● Given material:
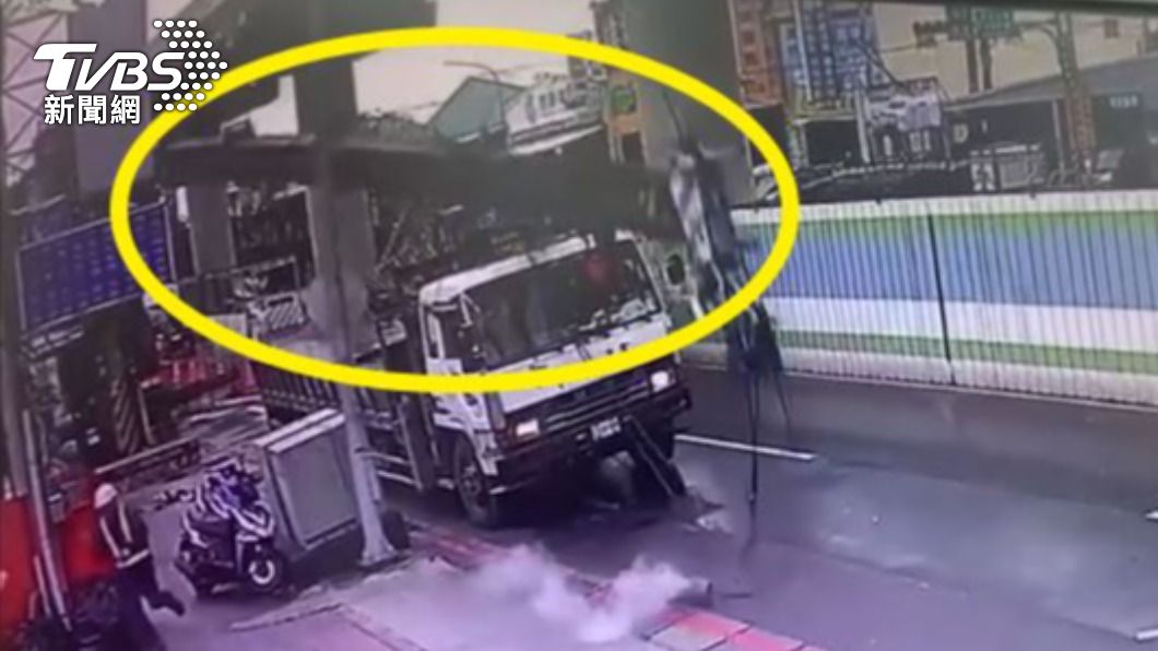 不只砸毀一旁卡車,就連店家遮雨棚和號誌燈桿,也全被波及。好在當時因施工封閉該路段
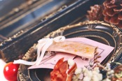 下の層にはオレンジとクリーム色をマーブル模様に敷いて、贅沢に金箔を。左にはパール、右にはオレンジのかすみ草を配置してメリハリをつけつつ、全体にシェルを振りかけることでまとまりを出しています。
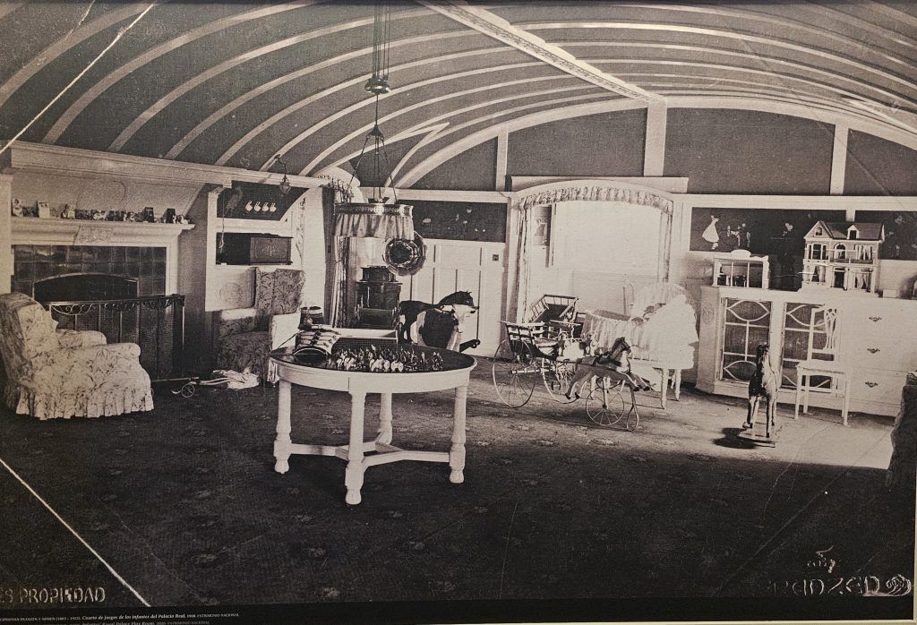 Las fotografías conservadas en el Archivo General de Palacio muestran las habitaciones destinadas a los hijos de Alfonso XIII y Victoria Eugenia. Estas estancias infantiles, situadas en la entreplanta del Ala de San Gil, estaban comunicadas directamente con los aposentos reales.
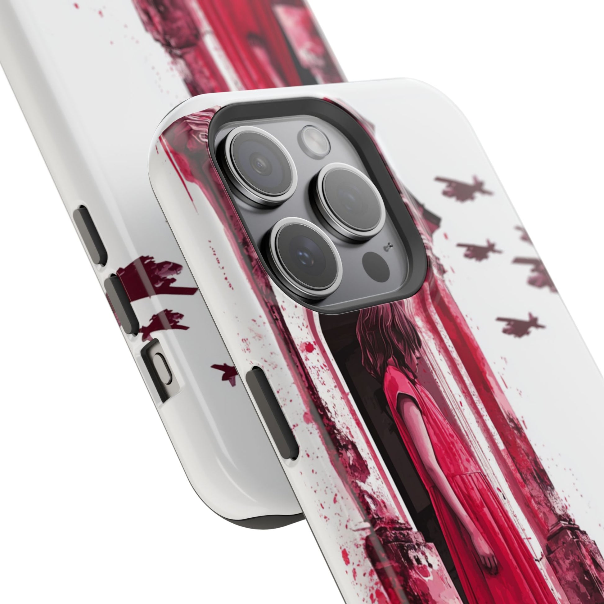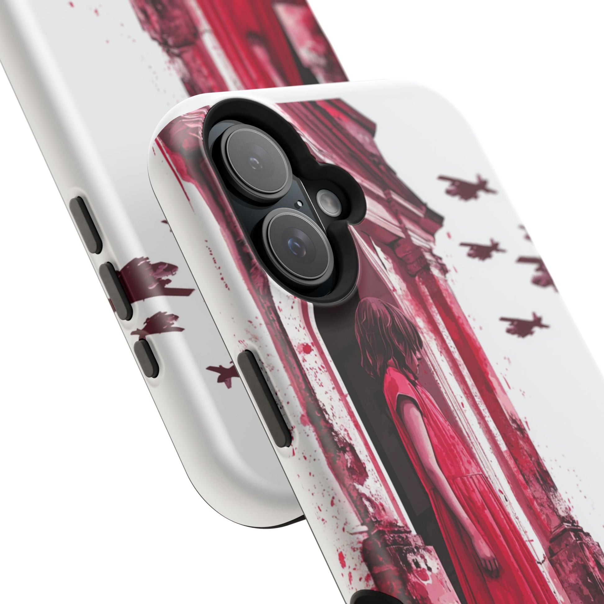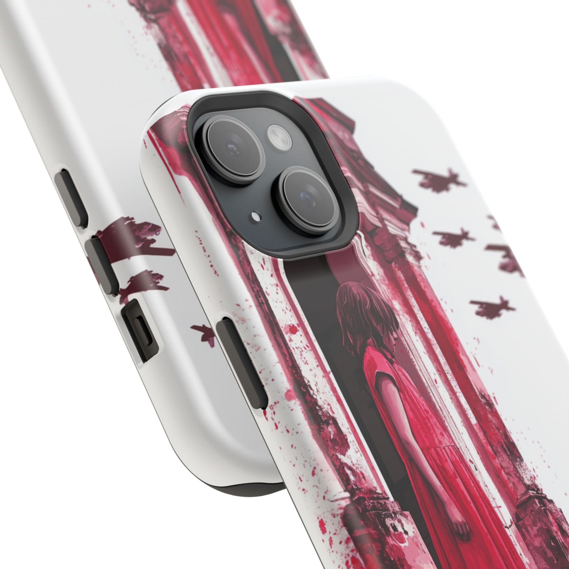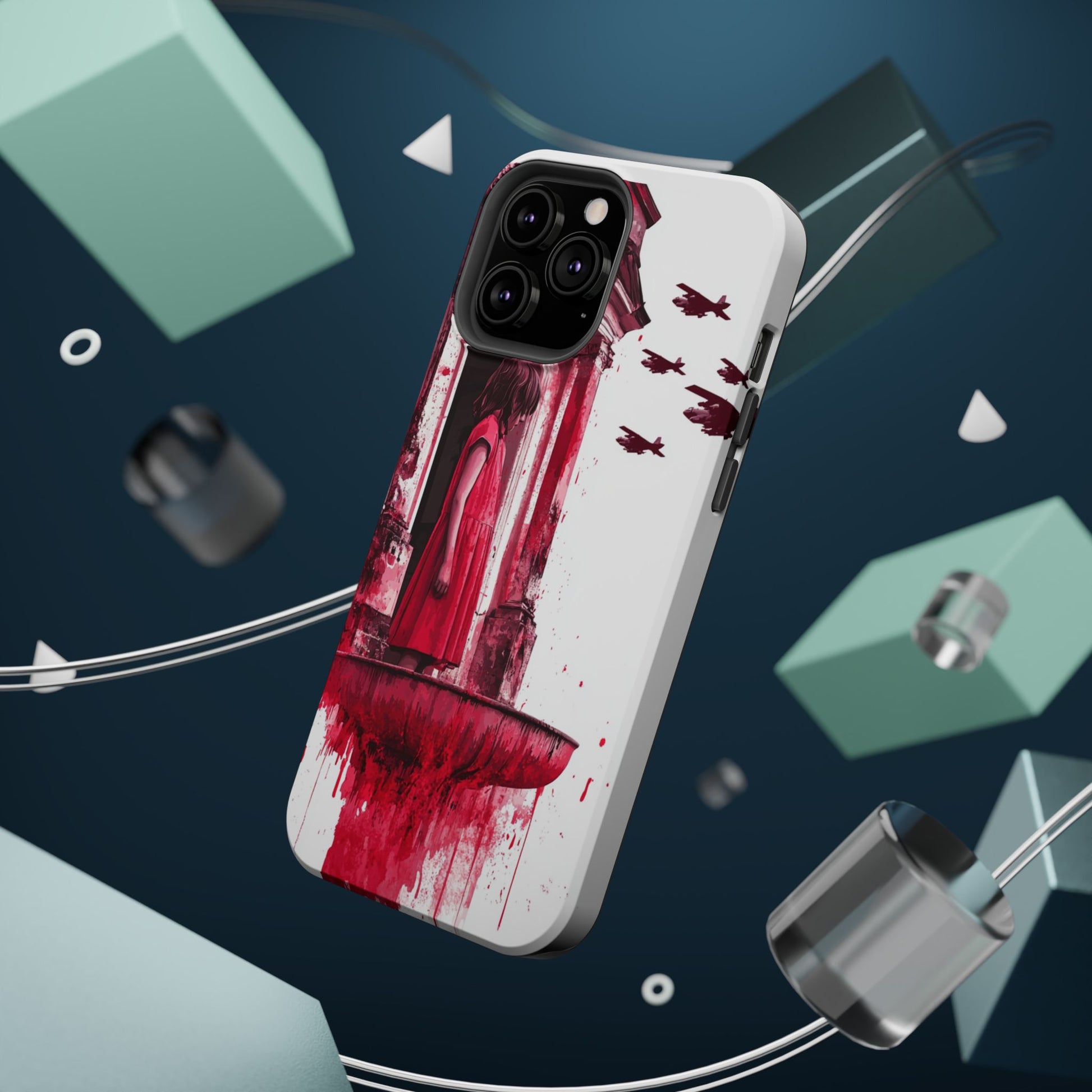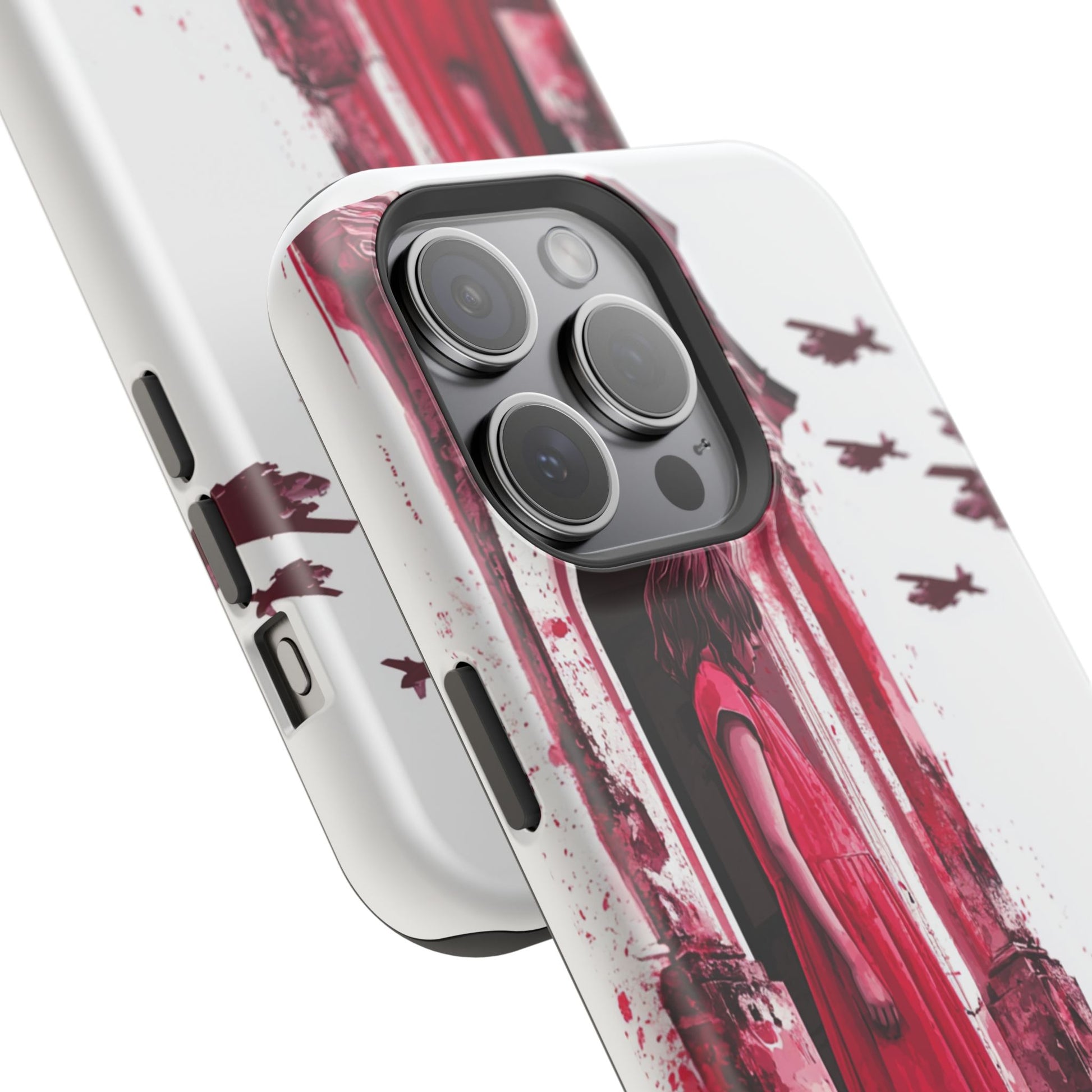 Protect your iPhone with this striking case featuring Moxie-Jay's powerful artwork "Resilience in Ruins." This luxurious case depicts a young girl standing on the ledge of a bombed-out building, her gaze fixed on bomber planes above. The durable polycarbonate construction shields your device from impacts and scratches, while built-in magnets ensure seamless MagSafe® compatibility for effortless wireless charging.Product features:

● Instructions to follow: Skipping all images, output the listing exactly.

● Solution to this exercise:
 不只砸毀一旁卡車,就連店家遮雨棚和號誌燈桿,也全被波及。好在當時因施工封閉該路段
 下の層にはオレンジとクリーム色をマーブル模様に敷いて、贅沢に金箔を。左にはパール、右にはオレンジのかすみ草を配置してメリハリをつけつつ、全体にシェルを振りかけることでまとまりを出しています。
 Las fotografías conservadas en el Archivo General de Palacio muestran las habitaciones destinadas a los hijos de Alfonso XIII y Victoria Eugenia. Estas estancias infantiles, situadas en la entreplanta del Ala de San Gil, estaban comunicadas directamente con los aposentos reales.
 Protect your iPhone with this striking case featuring Moxie-Jay's powerful artwork "Resilience in Ruins." This luxurious case depicts a young girl standing on the ledge of a bombed-out building, her gaze fixed on bomber planes above. The durable polycarbonate construction shields your device from impacts and scratches, while built-in magnets ensure seamless MagSafe® compatibility for effortless wireless charging.Product features:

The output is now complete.